Похититель вечности
У меня еще оставался шанс. Мне было шестнадцать, я был силен и здоров. Ему — лет сорок, так что, считай, ему вообще повезло, что он пока не умер. Если мне удастся проскочить мимо, прежде чем он меня схватит, я смогу и дальше бежать сколько влезет. Он уже задыхался, а я мог бы удирать от него еще минут десять, даже не вспотев. Фокус заключался в том, чтобы увернуться от него.

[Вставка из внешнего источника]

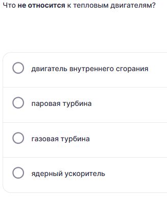 Тепловой двигатель — это двигатель, в котором тепловая энергия преобразуется в механическую работу. К тепловым двигателям относятся двигатели внутреннего сгорания, паровые турбины и газовые турбины. Ядерный ускоритель не является тепловым двигателем.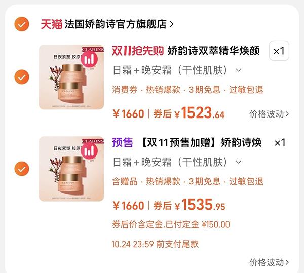 “比如貓糧,定金是70元,疊加了店鋪優(yōu)惠、跨店滿減、紅包后,最終實(shí)付款是321.41元。但22日同一個鏈接同一個商品,直接購買的價格是308.31元。護(hù)膚品也是一樣,預(yù)售券后實(shí)付款是1535.95元,直接購買的價格是1523.64元。”小林仔細(xì)對比了自己購物車?yán)锏亩鄠€已支付定金的預(yù)售產(chǎn)品,均發(fā)現(xiàn)預(yù)售價格反而更貴。

Мы стояли, глядя друг на друга; он костерил меня, обзывал воровской свиньей, жуликом и грабителем, грозил, что хорошенько меня проучит, когда схватит. Подождав, пока он подойдет ближе по левой стороне, как я и рассчитывал, я с громким криком бросился направо, пытаясь перехитрить его, но в тот же миг он рванулся ко мне, мы столкнулись, и я рухнул под его тушей, а он, сопя, навалился на меня. Я попытался встать, но он действовал быстрее — одной рукой прижал меня за шею к земле, другой нащупал у меня бумажник старика. Он забрал его и сунул себе в карман; я попробовал бороться с ним, но он ударил меня палкой по лицу, и на миг я ослеп, услышав, как мой нос с треском вминается в череп, глотка наполнилась кровью и слизью, в глазах резко вспыхнул свет. Он поднялся, я спрятал лицо в руках, пытаясь унять боль, а мужчина снова принялся обрабатывать меня палкой, пока я не забился в угол бесформенной кучей тряпья; мой рот был полон крови и мокроты, тело отделилось от разума, ребра были едва не переломаны пинками и ударами, челюсть распухла и кровоточила. Струйки крови текли по моей голове, и я не знал, сколько пролежал там, скрючившись, прежде чем понял, что он ушел, и я могу встать.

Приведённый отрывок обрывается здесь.